Apple Unveils Siri AI and Foundation Models Framework at WWDC 2026

1. Apple Unveils Siri AI and Foundation Models Framework at WWDC 2026

At WWDC 2026, Apple announced a major overhaul of its AI ecosystem, introducing Siri AI powered by Google Gemini technology. For developers, the most significant updates lie in the expanded Foundation Models framework, which now supports image input, custom skills, and server-side execution. Apple is also offering free access to its Foundation Models within Private Cloud Compute for indie developers with fewer than 2 million App Store downloads, significantly lowering the cost of AI experimentation.

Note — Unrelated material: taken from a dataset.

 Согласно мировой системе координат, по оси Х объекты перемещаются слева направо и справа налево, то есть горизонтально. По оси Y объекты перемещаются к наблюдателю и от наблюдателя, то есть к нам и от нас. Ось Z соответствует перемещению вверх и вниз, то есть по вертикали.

Additionally, Xcode's coding assistant has been upgraded to support agentic coding, localization, and simulated device interactions.

• Apple introduced Siri AI, a rebuilt assistant utilizing Google Gemini models for advanced conversational and systemwide app-interaction capabilities.
• The updated Foundation Models framework now supports image input, custom skills, and server-side model execution.
• Developers with fewer than 2 million first-time App Store downloads can access Apple's Foundation Models in Private Cloud Compute with no cloud API costs.
• Xcode's coding assistant has been updated to handle app localization, interact with simulated devices, and support custom skills.
• Apple expanded App Intents support to allow third-party applications to integrate directly with Siri.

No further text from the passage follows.